What data do you imagine should the fine tuned model consist of? You don't want it to spill secrets to unauthorized parties.

@supersingular @matthew_d_green In the simplest case, it would be finetuned on the prior conversation thread.
@supersingular UX-wise, it could be like having a threaded conversation (e.g. twitter threads, reddit/HN comments) but with 4 participants: Person A, Person B, "LLM pretending to be Person A", and "LLM pretending to be person B" (clearly labeled, so you know when you're reading predicted content as opposed to things actually said by the other person)
@retr0id @supersingular i think that would only really be useful for stuff like questions of facts, not a lot of other types of responses. Too many ways for it to answer wrong - or worse, drift from reality quickly if it has the unintended (but predictable) effect of leading to people talking less because the AI answers for them.
@supersingular @retr0id You could imagine a model that is fine-tuned on medical content, to teach people about various options that aren’t available in their society. Or worse things obviously.
@retr0id @matthew_d_green There is a fuzzy boundary between your ideas and traditional audio and video codecs. In anonymous communication, I can imagine deep neural networks might enable the compression of certain types of content such as "person talking into webcam" to really low bitrates, enabling audiovisual communiation over previously text-only channels.
@jaseg @matthew_d_green nvidia has already done that, but that's low-bandwidth, not high-latency. https://developer.nvidia.com/maxine
Maxine AI SDKs

Improves real-time audio and video communications and quality with AI.

NVIDIA Developer
@retr0id In the context of @matthew_d_green 's information dissemination application this would be sort of like anarchist Hatsune Miku.
@retr0id That’s an interesting idea. Would be great for very high latency channels. Just ship a chunk of your mental state over the wire.
@matthew_d_green I guess at a fundamental level, conversation is just one mechanism humans use to sync their mental states with each other - and maybe we can do the same thing with fewer (network) round trips!
@retr0id @matthew_d_green People do this already by branch predicting responses. LLMs just let them get the model of the other person out of their head

@saagar @matthew_d_green @retr0id that would cause a whole new level of gaslighting.

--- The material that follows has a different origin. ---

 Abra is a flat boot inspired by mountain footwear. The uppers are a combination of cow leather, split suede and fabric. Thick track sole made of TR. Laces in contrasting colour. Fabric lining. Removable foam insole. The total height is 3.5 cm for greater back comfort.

Somewhere, some time in the not too distant future:
"Babe, I never said I wanted to leave you."
"I... I know what the chat history says, but I SWEAR I read these words!"
"...are you gaslighting me?"
"No, *I* am the one being gaslit here!!"

Close by, same time:
"I have been a good Bing. 😊"

@retr0id @matthew_d_green Kinda reminds me of reading old correspondence where letter exchange takes weeks. Letters include so much extra context and rebuttals to estimated arguments.

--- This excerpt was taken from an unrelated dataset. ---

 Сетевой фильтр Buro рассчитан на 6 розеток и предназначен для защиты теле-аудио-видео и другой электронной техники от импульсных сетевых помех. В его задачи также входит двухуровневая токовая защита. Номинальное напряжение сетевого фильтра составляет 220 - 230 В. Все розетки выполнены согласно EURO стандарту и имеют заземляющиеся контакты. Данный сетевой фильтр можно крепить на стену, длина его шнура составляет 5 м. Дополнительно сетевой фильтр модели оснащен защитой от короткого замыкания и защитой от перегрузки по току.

@matthew_d_green Have you read Neal Stephenson's The Diamond Age? From 1996 and I always thought prescient in ways so far ahead like Neuromancer was. It's about a lower class kid by accident getting a unique AI driven book/teacher that helps her grow up with knowledge and abilities far beyond what would otherwise have shaped who she'd be and what she'd think.

Or maybe we just did somehow consensually hallucinate those novels' futures into existence exactly because someone formulated them...

@matthew_d_green
It's hard to imagine a context where a content generator that can't construct a logical argument would be less useful.
@matthew_d_green uh yeah, and then the repressive government tweaks that same chatbot to start out with dissident material to hook you, then switches to convincing you that the repressive government are the one true way. It looks pretty clear to me that the repressive, resourced governments will dominate that arms race. It is much harder to break into human networks.